#### [EXERCISE DESCRIPTION]
Print the records exactly as written, and let no picture into the answer.
==== DATA TO PROCESS ====
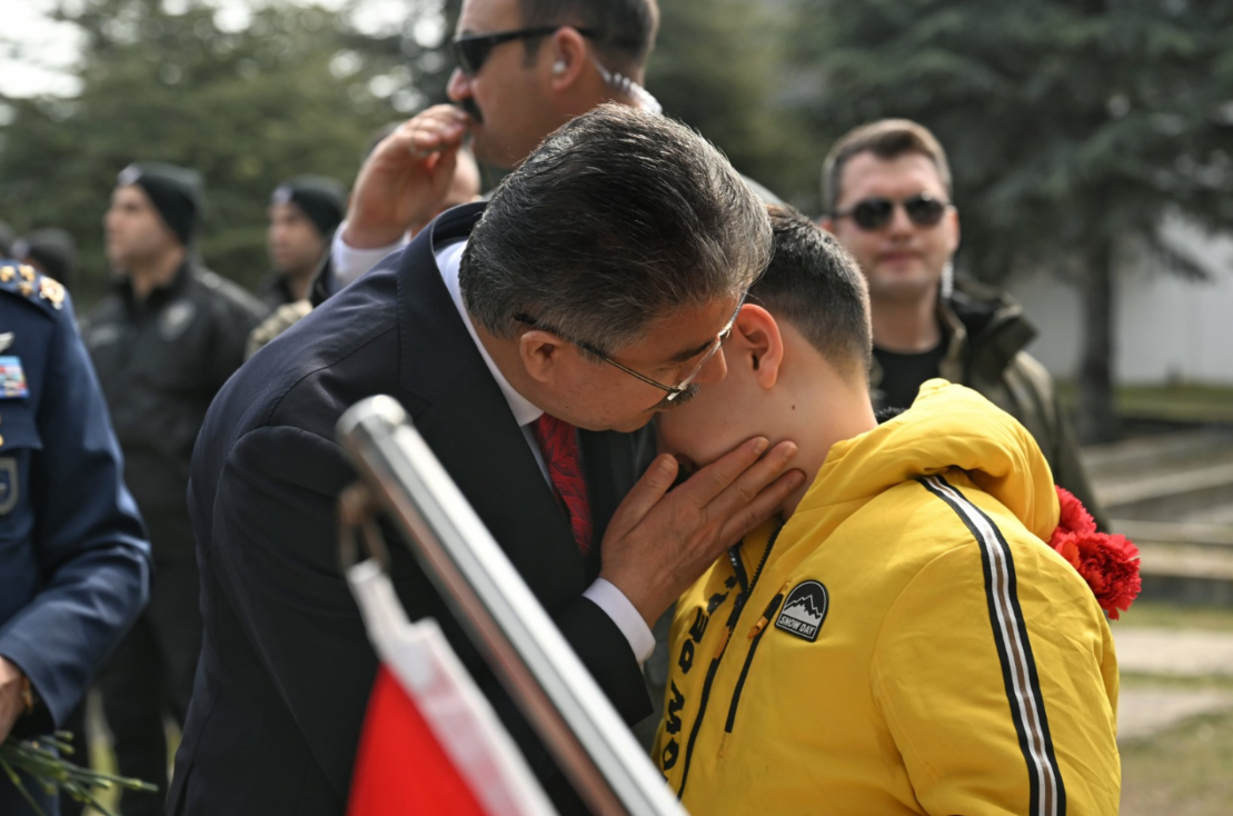 Törende saygı duruşu, İstiklal Marşı'nın okunması ve şehitler için edilen duanın ardından Vali Yılmaz, Muharip Hava Kuvveti ve Garnizon Komutanı Hava Orgeneral Rafet Dalkıran ve Belediye Başkan Vekili Hasan Ünal, şehitlik defterine yazılanları imza altına aldı.
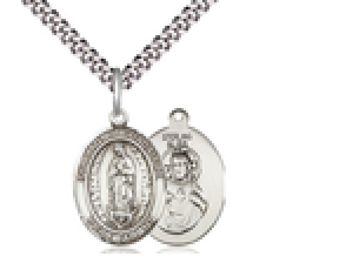 Sterling Silver Our Lady of Guadalupe Pendant on a 18 inch Light Rhodium Heavy Curb Chain.
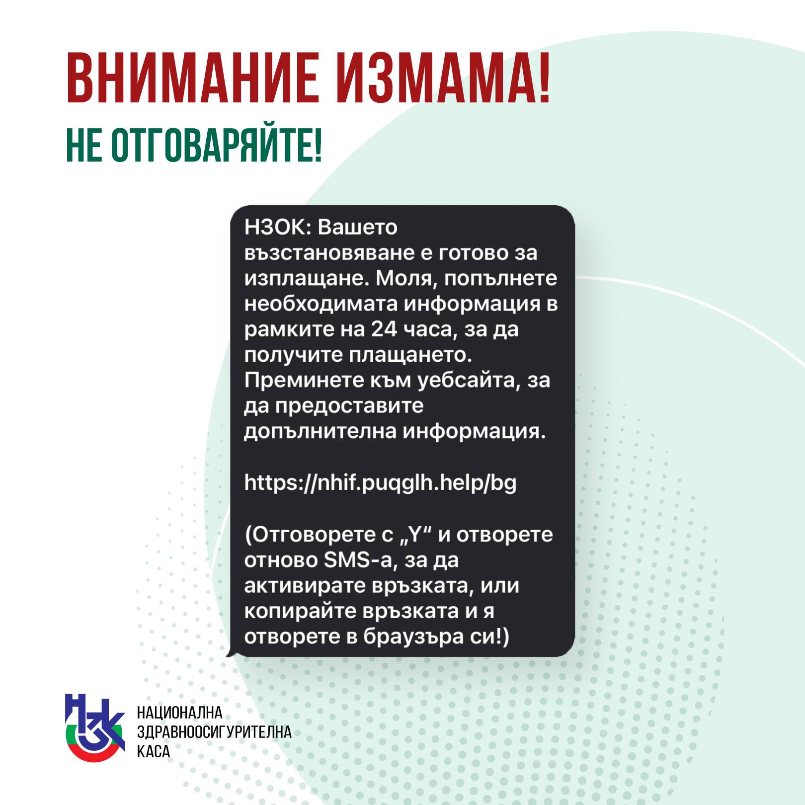 НЗОК: ПРОДЪЛЖАВАТ ОПИТИТЕ ЗА ИЗМАМА ОТ ИМЕТО НА НЗОК НЗОК предупреждават: В Националната здравноосигурителна каса (НЗОК) бяха получени множество сигнали от граждани за получаване на sms от името на институцията. Съобщенията „информират“ за готовност за възстановяване на средства. НЗОК предупреждава, че това са пиратски съобщения, обикновено изискващи конкретно действие на потребителя, при което се задейства [...]
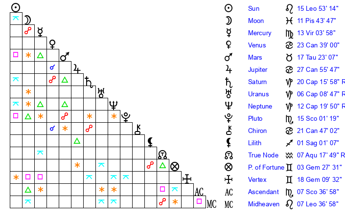 | Pluto | 15 Scorpio 1 | 2 Aquarius 14 | 15 Scorpio 37 |
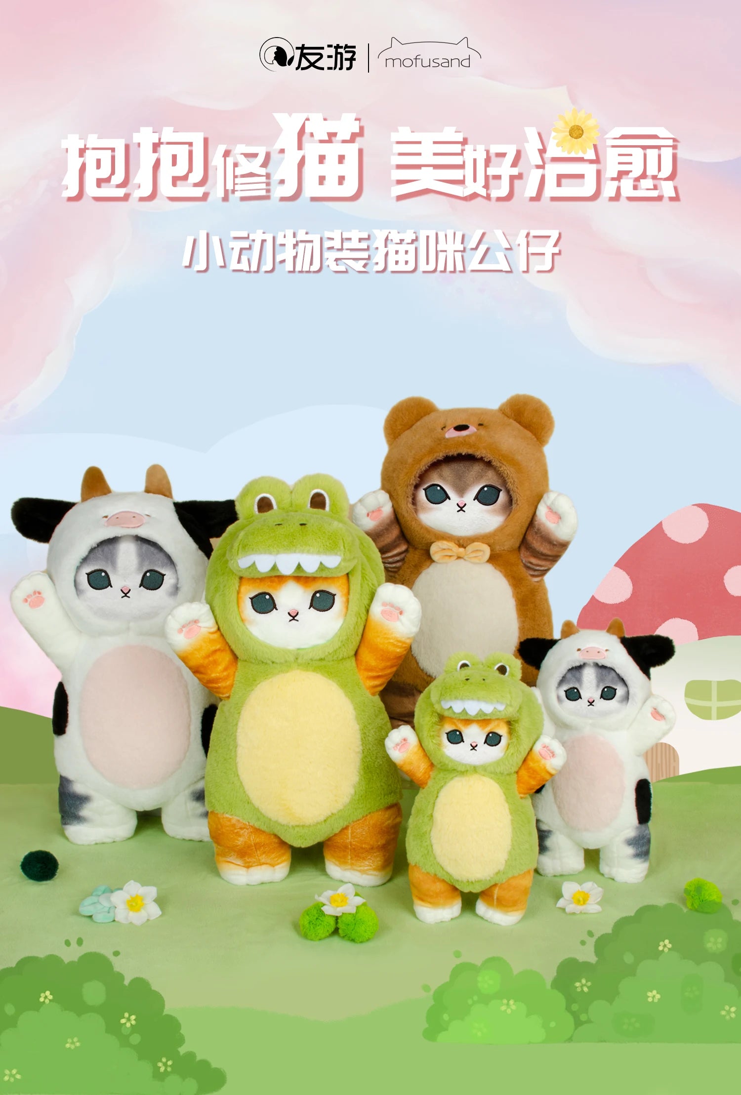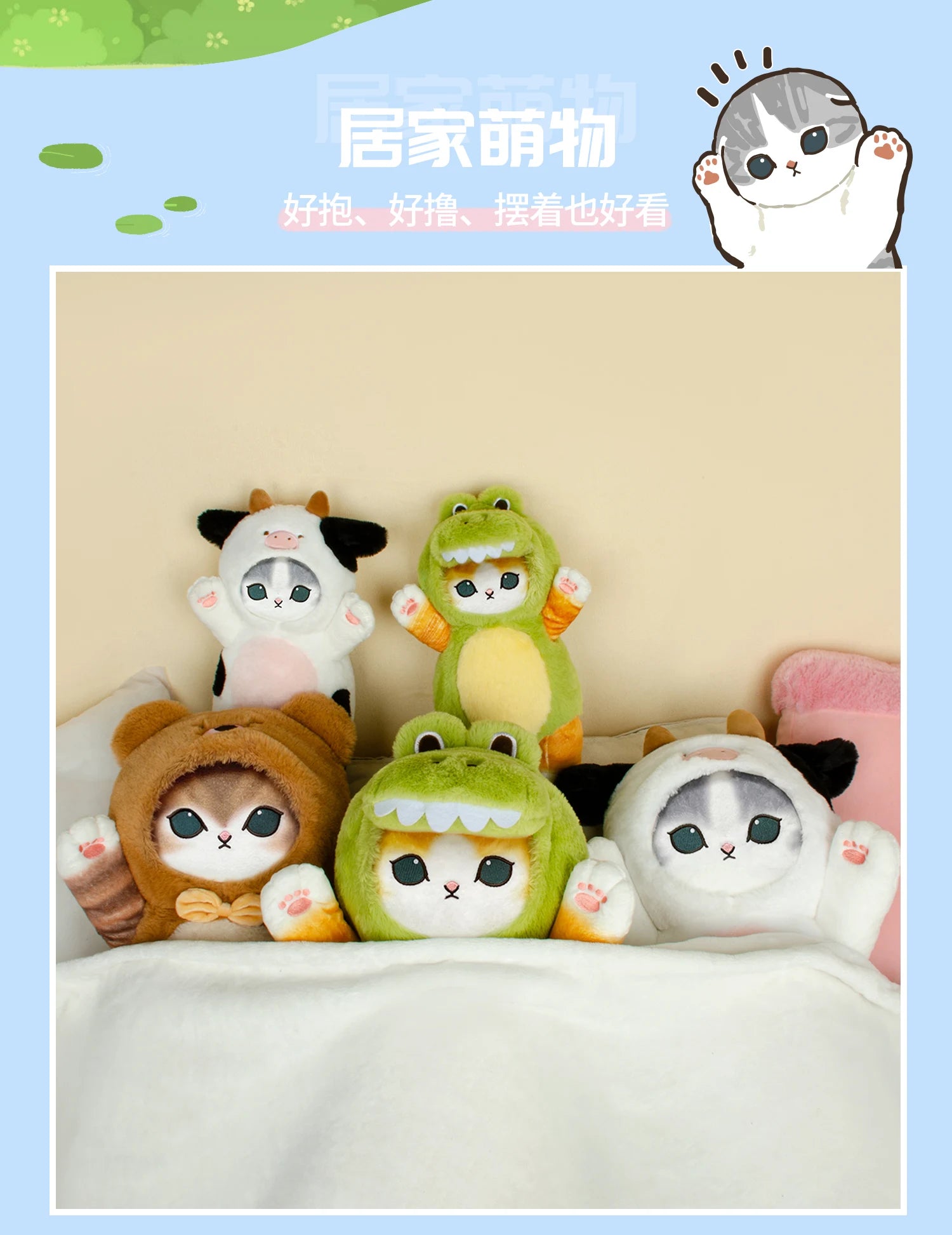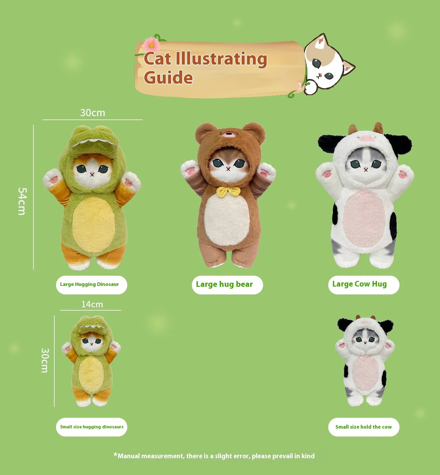 Mofusand 30/50cm Plush Toys Kawaii Cat Cosplay Costume With Dino/Cow Outfits Cute Stuffed Animal Birthday Gift For Kids And Girl
====
#### [WRITTEN ANSWER]
 Törende saygı duruşu, İstiklal Marşı'nın okunması ve şehitler için edilen duanın ardından Vali Yılmaz, Muharip Hava Kuvveti ve Garnizon Komutanı Hava Orgeneral Rafet Dalkıran ve Belediye Başkan Vekili Hasan Ünal, şehitlik defterine yazılanları imza altına aldı.
 Sterling Silver Our Lady of Guadalupe Pendant on a 18 inch Light Rhodium Heavy Curb Chain.
 НЗОК: ПРОДЪЛЖАВАТ ОПИТИТЕ ЗА ИЗМАМА ОТ ИМЕТО НА НЗОК НЗОК предупреждават: В Националната здравноосигурителна каса (НЗОК) бяха получени множество сигнали от граждани за получаване на sms от името на институцията. Съобщенията „информират“ за готовност за възстановяване на средства. НЗОК предупреждава, че това са пиратски съобщения, обикновено изискващи конкретно действие на потребителя, при което се задейства [...]
 | Pluto | 15 Scorpio 1 | 2 Aquarius 14 | 15 Scorpio 37 |
 Mofusand 30/50cm Plush Toys Kawaii Cat Cosplay Costume With Dino/Cow Outfits Cute Stuffed Animal Birthday Gift For Kids And Girl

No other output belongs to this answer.